Bouville - received some photocopied sketches from Faith the other day (in the post; she's moved to bloody Brighton) and they're looking good so i've asked for the originals to scan. looks like we won't be going live til August, but it's worh it to have Faith involved again.
bestiality and lists - a good combination for any journal entry, i think, especially where listing pet peeves is concerned. i think i might do some listing of such things myself next journal, of course the 'peeves' will be a longer list than the loves list, no matter how hard i may try to make them of equal length - you get grumpier and more cynical as you get older, or at least i have, and think most of the world has gone down the toilet since the early nineties - internet, cheap flights and the ability to download music instead of having to buy albums to for one song you happen to like by a band. . . 'it's not like it used to be,' as i'm often heard chiming.

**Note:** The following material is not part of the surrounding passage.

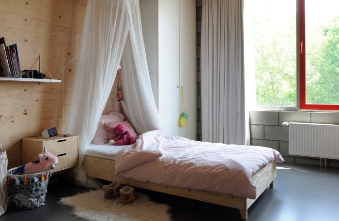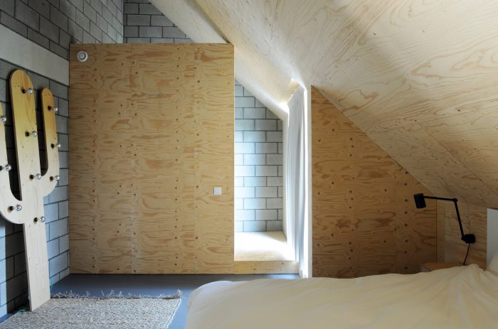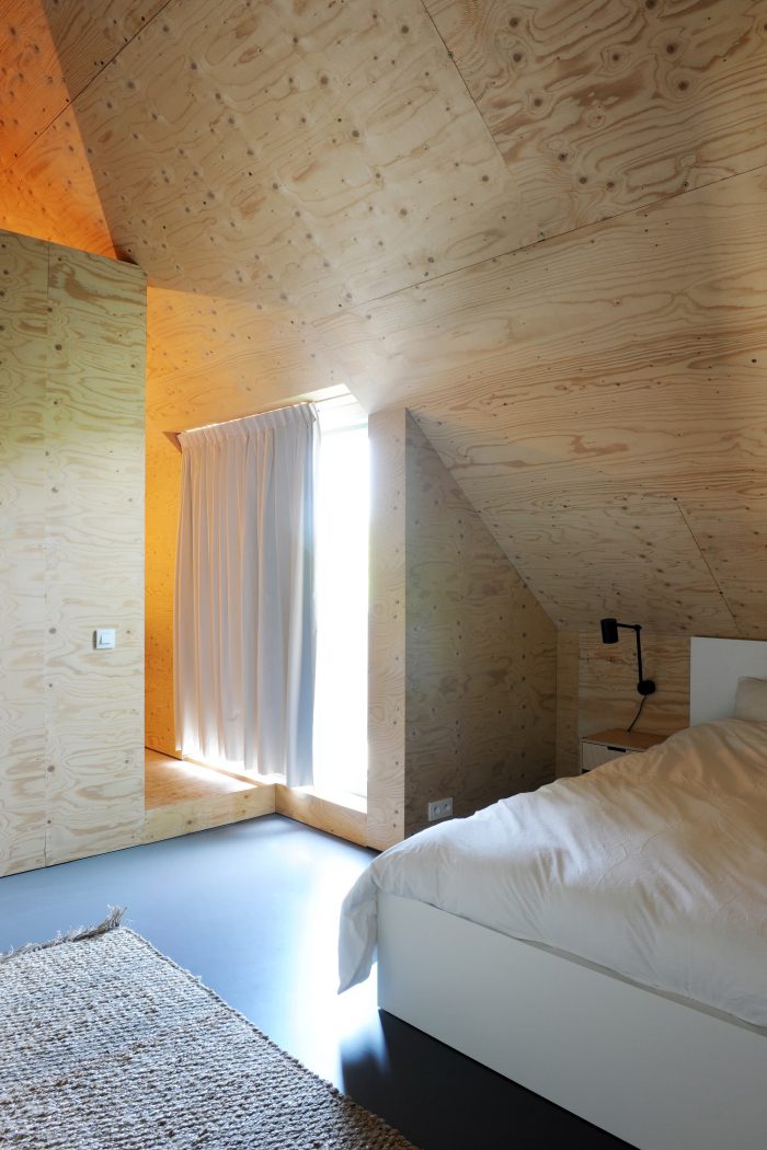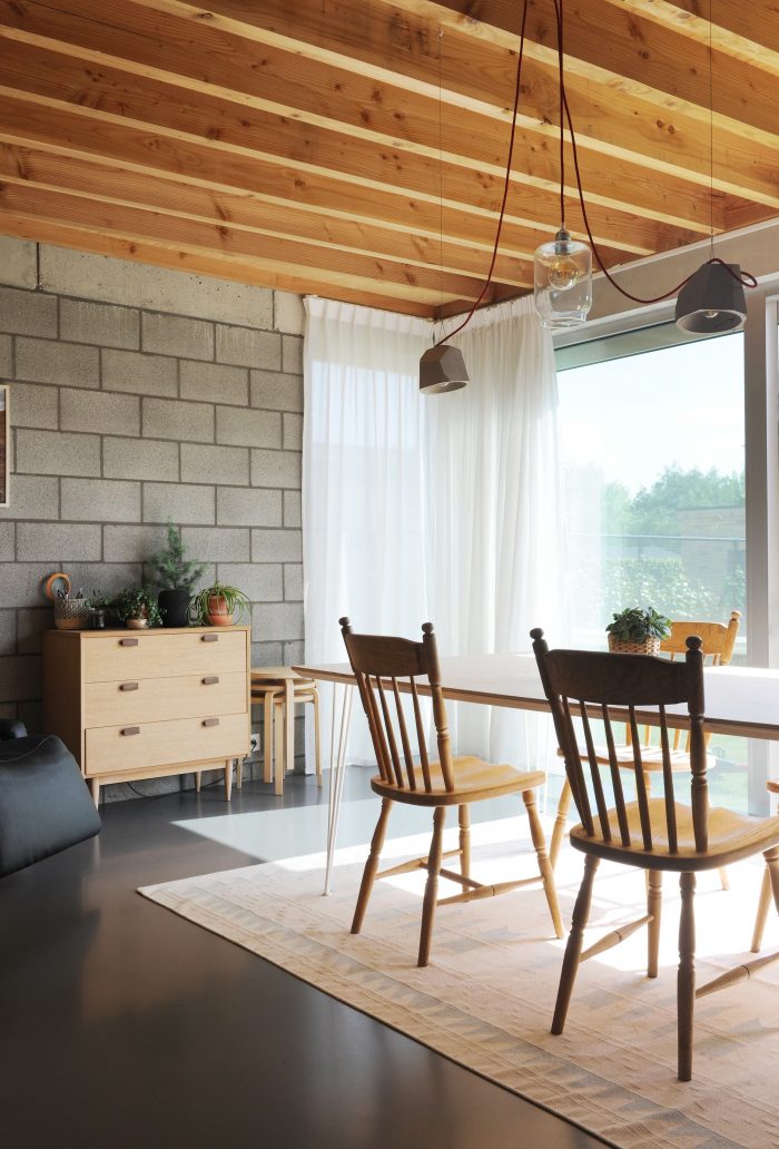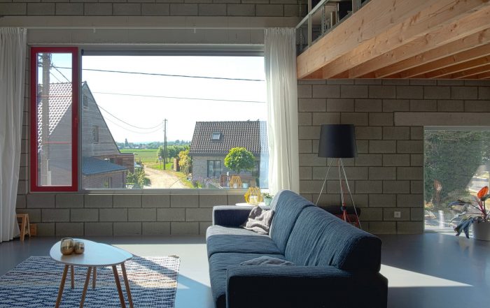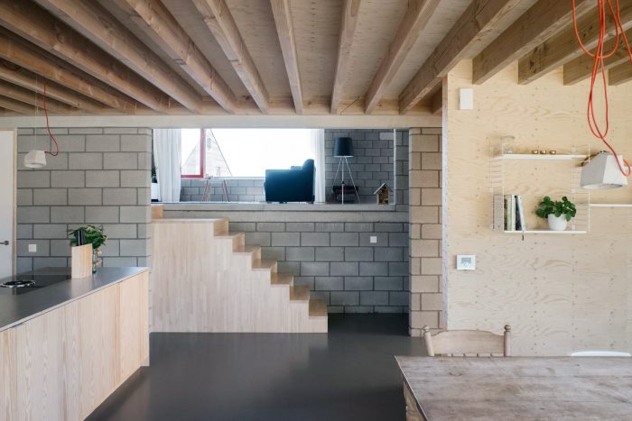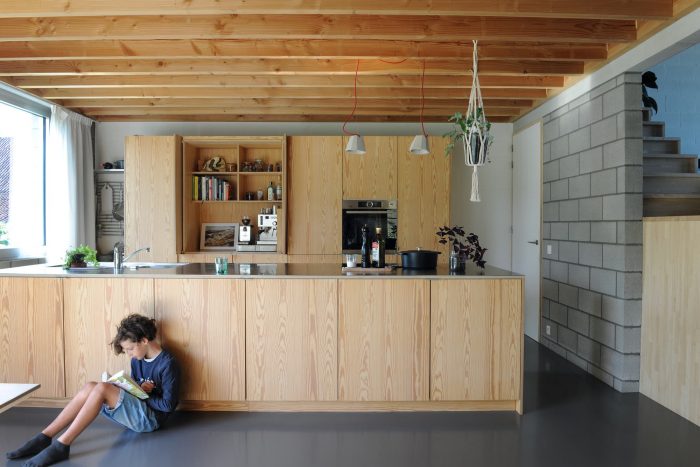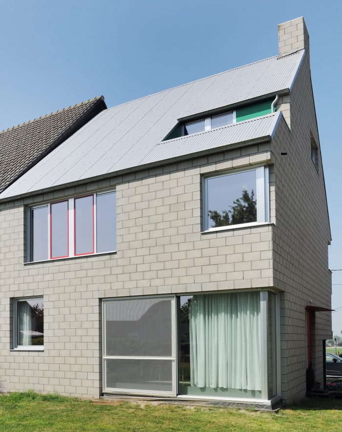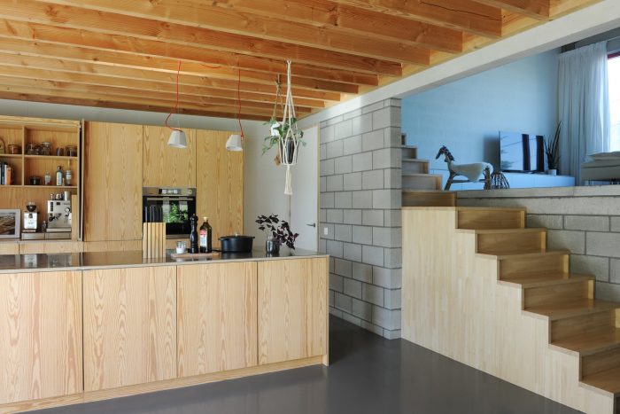 The windows, in contrast, are in polished aluminum with color accents referring to the color scheme of nearby old farmhouses. In the interior, these materials are complemented with various elements in wood: the staggered wooden beam floors connected by a straight rubberwood staircase in the middle of the house, kitchen furniture, and some light walls in pinewood panels.

funnily enough, most of your pet peeves match some of my many. i've alwyas hated phones, laterally in dundee, i got a lot of telemarketers calling me up, to the point that for the last six months or so, i just never plugged my phone in unless i was going to call someone. interruptions of any kind, i have a problem with - phonecalls are part of that, but likewise, i can't stand someone trying to talk to me when i'm writing or painting - i basically have to stop, and generally, glare at the person doing the talking until they go away. sofie basically knew me well enough by a year ago to know that if i'm painting, she has to go be in another room, or out of the flat completely, but yeah. . . i'm one of those people who just can't focus on doing something with people hanging around distracting me.
i stopped listening to the radio - in the uk at least - in about 1992. and at that point, i was only listening to radio 2.
as for middle grounds. . . you would hate people here - no nation on earth loves sitting on the fence more than the swedish do, it's almost like they're incapable of having a clear on concise opinon, as if it's wrong to strongly feel one way or another, they have to be smack bang in the middle so as not to offend anyone. . . that pisses me off, mostly because i respect people with strong opinions most, people who're passionate about what they think, and believe in - and sitting on the fence just shows. . . i don't know, a lack of conviction.
end notes on books - ditto. when i get to the end of a book, i'm done, i don't want to read so dissection of what i've just finished reading.
and fake boobs. . . yeah. there have been a few sets with those gone up lately. sort of cringe-inducing, really. each to their own, but i just think overly enlarged boobs look bloody awful. i'd rather have a girl with no boobs at all - know what i mean?
ah well, enough of my rambling. how'd the skizzenbuch?